Ай, как же жить больно! Я позволяю ей сложить меня вдвое под одеялом, и в глазах у меня темнеет. Умереть будет хорошо. Лишь бы у меня там никаких легких не было. Это ноутбук? Нет. Его я оставлю, а яйцо заберу с собой, и лекарства, лекарства. Да, если б она не говорила, эта чертова Эвита, не толкала речь, народ бы не ушел с улиц, и моя малютка была бы жива. На мне все время лежало какое-то президентское проклятье. Правильно Байринг тогда сказал, я — «фифа президентская». Но пусть он не ждет меня на той стороне с ромом, розами и в голубом свитере! При кончине человек должен получать какое-то право на неприкосновенность при предъявлении свидетельства о смерти. Тогда я лучше выберу Боба с его планами. С ним я уже назавтра добилась бы аудиенции у дьявола. Мы войдем по ковру и оба одновременно поклонимся, словно крохотные адские детишки. А князь поднимет пылающий палец и скажет «velbekomme» по-датски. Да-да, дьявол говорит по-датски. Хотя, наверно, у него есть переводчики. У него есть переводчики. Но я хочу, чтоб тогда оно было со мной — сердце моего отца, — и я сжимаю его в руках, а они пытаются разжать. Отче наш, иже еси на небеси…

«Не нравится мне это».

«А это настоящая граната? Она не взорвется?»

«Не знаю. А ее можно у нее отнять? Давай снова».

«Не получается… Мертвой хваткой…»

«Мама! Ты должна…»

«Не нравится мне это».

«Она ее прямо сжимает».

«Халли, пойдем отсюда».

«А она у нее долго была?»

«Она говорит, всю жизнь. Только я не знала, что это…»

«Может, я встречу „Половинку Гитлера“… в свите князя…»

«Герра? Герра?»

«Может, он стал придворным, целым и красивым?»

«Она уже не здесь».

«Боже мой!»

«Вы можете достать мне справку?»

«А?»

«Лова, милая, справку. Свидетельство о смерти. Сможешь достать мне?»

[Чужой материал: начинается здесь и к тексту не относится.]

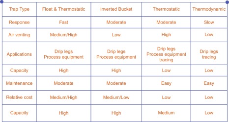 กับดักไอน้ำจะถูกแบ่งได้ 3 ประเภทหลักๆตามการใช้งาน ซึ่งมีดังนี้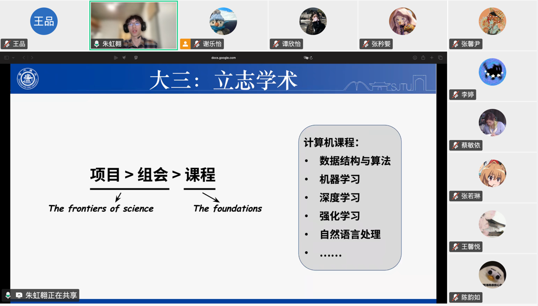 分享最后,朱虹翱再次鼓励同学们大胆尝试、探索自身感兴趣的方向,并留下联系方式,方便同学们后续学术与学业问题的交流探讨。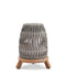L'abat-jour tressé de forme organique est entouré d’une base en bois sculpté. En utilisant non pas un, mais deux matériaux, le designer a développé une approche à la fois unique et moderne de techniques de tissage traditionnelles pour concevoir des produits esthétiques qui sauront vous séduire pour illuminer vos soirées d'été.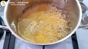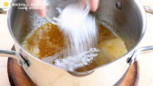 - Снимаю медовую смесь с огня и всыпаю соду. Хорошенько перемешиваю смесь. Она начинает сильно пениться и становиться темнее — как раз эта операция и сделает вкус основы насыщенее, интенсивнее. И это придаст тот самый узнаваемый вкус торту!

«А может, ничего страшного, раз она так долго держала ее у себя?»

«Не знаю. Все-таки есть риск, что рванет. Смотри, как она ее сжимает».

Ай-ай, держись-держись за рыбака, а потом ступай веселиться, Вигга да Сигга да Солнышко свепнэйское!

«Мама, прощай. Можно поцеловать тебя на прощание?»

Из глаз у него дождь, он поливает старые щеки. Блаженны те, кто плачет за других. Я никогда не знала, каков он внутри, а он не знал моих чувств. Жизнь опоздала, опоздала, сейчас разверзлась мякоть, и сыновьи слезы катятся по материнскому пути, и как это все дивно косо, а железо приятно, приятно ощущать военное железо, ах, как странно, я живу, а сейчас умру, как и любая другая крачка, ой, смотрите-ка, я вплываю в жерло времени, и надо же, там написано по-французски: Sortie… а они стоят с факелами, немецкие солдаты, и пламя отражается в сточной канаве…

«Мама! Мамочка!»

…да, и Эйстейн с Линой сидят там, довольные, и гладят бороду, и улыбаются, а рядом горят свечки, они мои, у меня была только неделя для отца и миг для матери, а у них за спиной вьется надо-же-песня, раздающаяся из длинных темных коридоров, там поют «Будь блажен, мой край родной», и там вечерний сумрак в чашке с плесенью, и свет сыворотки в окошке, и ручеек клубится в груди, журчавые быструи, журчавые быструи, да подожди меня, Роуса, у той славной бочки, божьей бочки с дьявольским китом, я проберусь на скамью, а теперь прочисти нос, Гюнночка, Гюнна, и я взгляну на горы-долы в окошко-островешко и поплачу об Исландии, ведь никогда у меня ничего не было, только она, только слово, а самой страны не было, мы все живем на островах, м-да, и между нами — ничего, только море, проклятое море, теперь меня засасывает в жерло, засасывает лодку, я движусь быстро, и что… и дождь усиливается, и щекастый тролль мечет в меня поцелуи с темного неба, и капли гурьбой катятся по щекам и по губе, она соленая, да, соленая, сыновне-соленая на вкус, меня затягивает, адьё…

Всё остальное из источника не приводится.